In the end, the senators said they had reached an agreement. “We are closing the boyfriend loophole,” said Chris Murphy, a Democrat from Connecticut and a leading advocate for gun control in the Senate. “This provision alone is going to save the lives of so many women who unfortunately die at the hands of a boyfriend or an ex-boyfriend who hunts them down with a firearm.”

But experts say that the way the bill is actually written won’t do that, exactly.

“It was disappointing,” Susan Sorenson, a professor of social policy at the University of Pennsylvania, said. “They could have closed the loophole and instead they created new ones.”

As the text was written, the new legislation would define a “dating relationship” based on its consideration of length, nature and the “frequency and type” of interaction between the abuser and victim. “A casual acquaintanceship or ordinary fraternisation in a business or social context,” would not count as a dating relationship. Further, a person won’t be considered to have been convicted of a domestic violence misdemeanour under this law if that conviction has been expunged or set aside.

Notably, if a person is convicted of a domestic violence misdemeanour against someone with whom they are in a “dating relationship”, but only has one such conviction, that person could then purchase a firearm after five years. A person who was or is married to, lived with, or has a child with the victim would not be eligible for restoration of the right to buy a gun – which is to say that this legislation creates a five-year period in which the boyfriend loophole is closed, and then it opens again. “The protection comes with an expiration date,” said Sorenson.

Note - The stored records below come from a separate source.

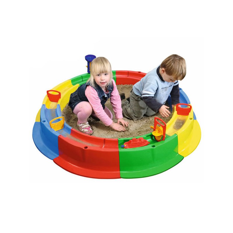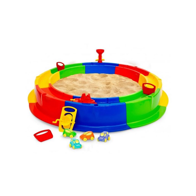 Piaskownica "Wodna Obręcz" składa się z 8 kolorowych elementów, które można łatwo i szybko złożyć w jedną całość.Brzeg piaskownicy tworzy rynnę, do której możemy nalać wody i stworzyć własny tor wodny dla zabawek.Idealne połączenie dla miłośników wody i piasku
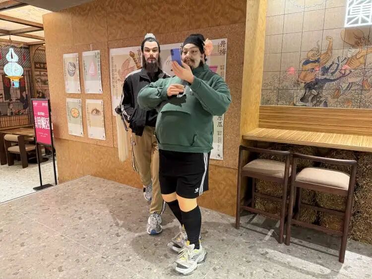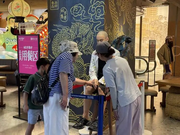 这种审美分裂在“城市集市・江南”B1层的空间内随处可见,端着笔记本电脑、弹着电吉他的“赛博八仙”和穿着潮牌服饰的各色蜡像就是引发争议的源头。特别是集市入口处的那尊蜡像肤色纹理细腻,睫毛根根分明,就连手部关节、青筋都清晰可见。不少人还以为这是活人在做人体艺术,感觉它下一秒就要睁开眼了。
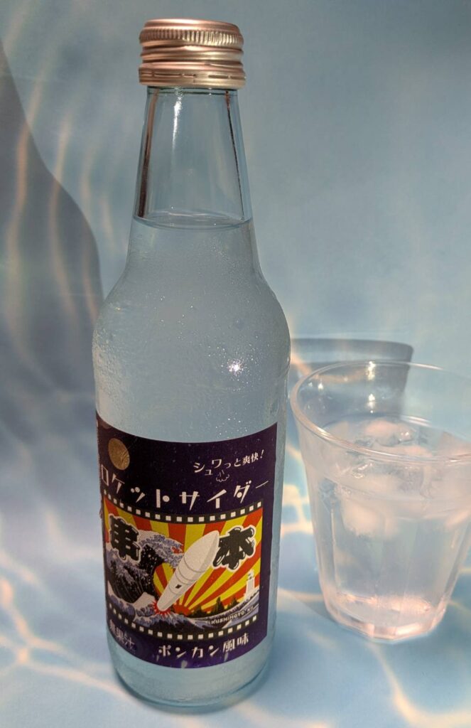 大漁旗のようなちょっとレトロなデザインのラベルが目を引く 串本ロケットサイダー です。
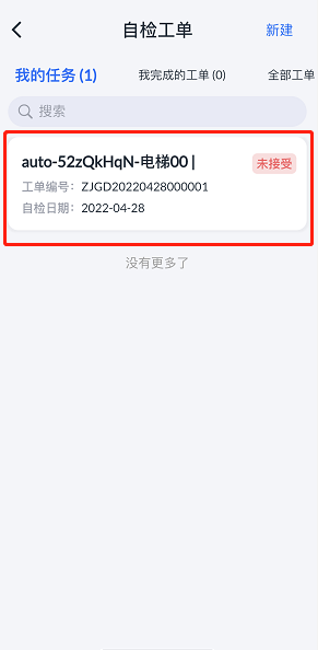 2. 在工单列表中,单击“未接受”的自检工单,进入“自检工单详情”页面。
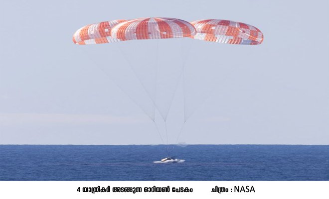 4 യാത്രികർ അടങ്ങുന്ന ഓറിയൺ പേടകം ഇന്ത്യൻ സമയം പുലർച്ചെ 5.37നാണ് യുഎസിലെ കലിഫോർണിയയ്ക്കു സമീപം പസിഫിക് സമുദ്രത്തിലിറങ്ങിയത്. അപ്പോളോ ദൗത്യങ്ങൾക്ക് ശേഷം മനുഷ്യൻ ചന്ദ്രനിലേക്ക് നടത്തിയ ഏറ്റവും വലിയ കുതിപ്പിന്റെ ശുഭസമാപ്തിയാണിത്. യുഎസിൽനിന്നുള്ള റീഡ് വൈസ്മാൻ, വിക്ടർ ഗ്ലോവർ, ക്രിസ്റ്റീന കുക്ക്, കാനഡക്കാരൻ ജെറമി ഹാൻസൻ എന്നിവരാണു തിരികെയെത്തിയത്. അരനൂറ്റാണ്ടിനിപ്പുറം മനുഷ്യരെ വഹിച്ച് ചന്ദ്രനെച്ചുറ്റിയ ദൗത്യമെന്ന പെരുമനേടിയാണ് ആർട്ടിമിസ് 2 ഭൂമിയിലിറങ്ങിയത് . യുഎസ് നാവിക സേനയും റസ്ക്യൂ ടീമും പേടകത്തിനടുത്തെത്തി. യുഎസ്എസ് ജോൺ പി. മർത്ത എന്ന റെസ്ക്യൂ കപ്പലാണ് പേടകം വീണ്ടെടുക്കാനെത്തിയത്. യാത്രികരെ പേടകത്തിൽനിന്ന് കപ്പിലേക്കു മാറ്റാനുള്ള ശ്രമങ്ങൾ തുടരുന്നു

Smucker said: “While it isn’t ideal, the possibility of reinstating a person’s gun rights after five years still allows the policy to do what ‘red flag’ laws also do: remove firearms at a time of intense conflict that is most likely to result in gun violence.” Still, she added, “survivors of domestic violence will have limited relief if their abuser can regain access to firearms at some point in the future. Even after successfully leaving an abusive partner, survivors often live in fear of their abuser’s return, whether that is five or 50 years later.”

Does the fact that the boyfriend loophole is now more closed than it was make it less likely that it will eventually be closed for good? “It does run that risk,” Sorenson said. “Men’s gun rights are prioritised over women’s safety. Consistently.” This legislation would be progress, she added, but it still puts the right to have a gun over the right to safety. “It reifies problems that already existed,” she said. “It doesn’t address them head-on.”

Meanwhile, on Thursday (23 June), the Supreme Court struck down a New York law that required “proper cause” for carrying a concealed weapon, making it still easier to have and carry around an instrument designed to hurt and kill. Even the “boyfriend loophole” compromise could face a similar challenge at some point.